**The task:**
Repeat exactly the lines of the records below, starting at the line containing "今回は秋のプリンアラモード、" and ending at the line containing "Wholesale decorative plum". Leave the pictures out.

**Collected data:**
::::::::

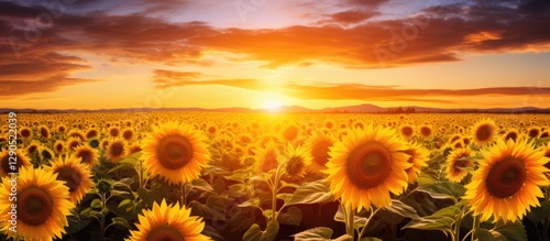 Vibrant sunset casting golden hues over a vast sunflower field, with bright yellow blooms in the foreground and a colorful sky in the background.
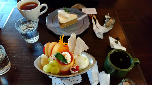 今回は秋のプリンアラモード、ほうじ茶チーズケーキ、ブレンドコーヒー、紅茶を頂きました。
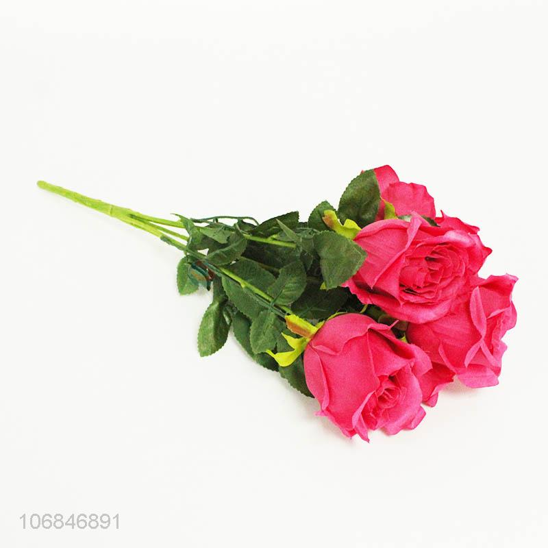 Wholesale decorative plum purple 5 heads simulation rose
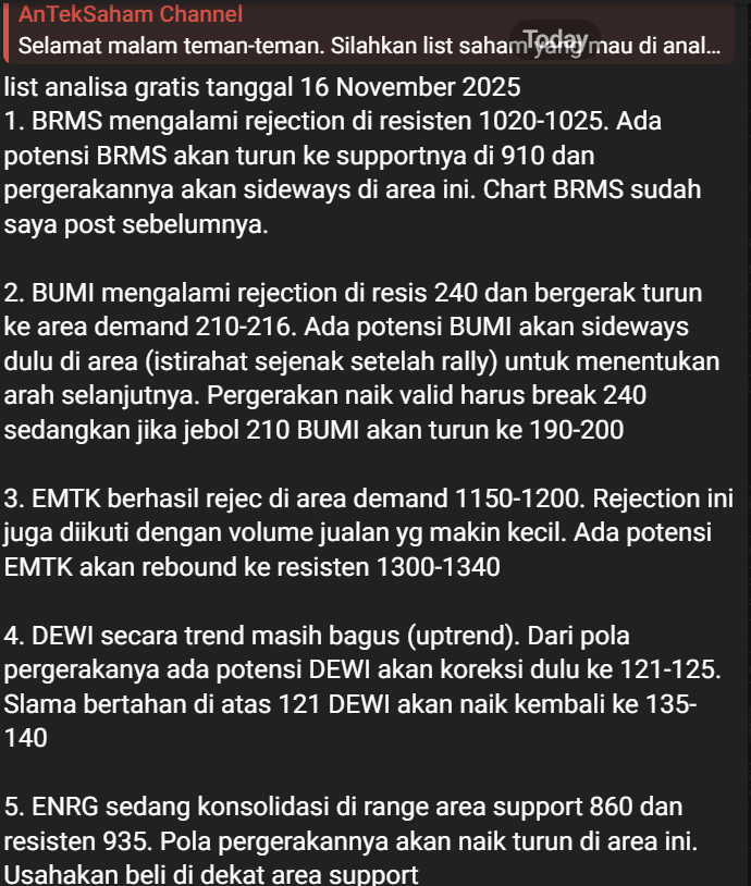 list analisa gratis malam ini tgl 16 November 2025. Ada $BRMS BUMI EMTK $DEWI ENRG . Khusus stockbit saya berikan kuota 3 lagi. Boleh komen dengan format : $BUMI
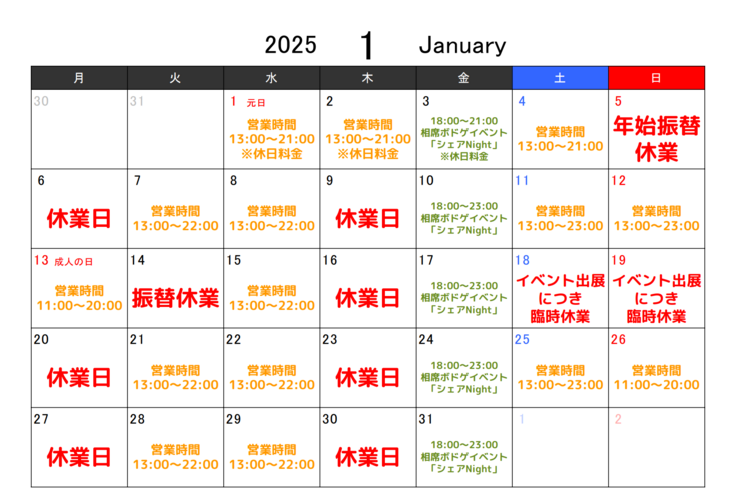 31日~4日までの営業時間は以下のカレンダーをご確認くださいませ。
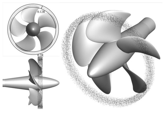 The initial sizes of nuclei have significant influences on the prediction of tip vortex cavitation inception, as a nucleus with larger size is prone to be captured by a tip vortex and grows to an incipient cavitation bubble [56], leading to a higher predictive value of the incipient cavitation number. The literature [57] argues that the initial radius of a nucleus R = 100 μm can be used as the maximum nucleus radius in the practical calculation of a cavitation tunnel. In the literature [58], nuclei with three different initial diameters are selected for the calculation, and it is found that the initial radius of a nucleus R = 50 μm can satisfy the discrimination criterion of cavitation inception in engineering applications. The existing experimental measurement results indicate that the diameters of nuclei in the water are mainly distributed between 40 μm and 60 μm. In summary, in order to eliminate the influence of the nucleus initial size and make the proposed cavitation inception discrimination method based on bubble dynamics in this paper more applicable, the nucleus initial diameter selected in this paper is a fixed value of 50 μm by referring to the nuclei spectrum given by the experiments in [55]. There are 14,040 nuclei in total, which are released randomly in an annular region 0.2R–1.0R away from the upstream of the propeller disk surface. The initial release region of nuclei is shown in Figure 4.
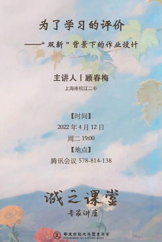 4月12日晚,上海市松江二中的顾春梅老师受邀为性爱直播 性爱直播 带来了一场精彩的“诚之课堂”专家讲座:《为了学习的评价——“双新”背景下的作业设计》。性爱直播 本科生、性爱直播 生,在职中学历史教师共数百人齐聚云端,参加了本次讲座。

::::::::

**Task answer:**
 今回は秋のプリンアラモード、ほうじ茶チーズケーキ、ブレンドコーヒー、紅茶を頂きました。
 Wholesale decorative plum purple 5 heads simulation rose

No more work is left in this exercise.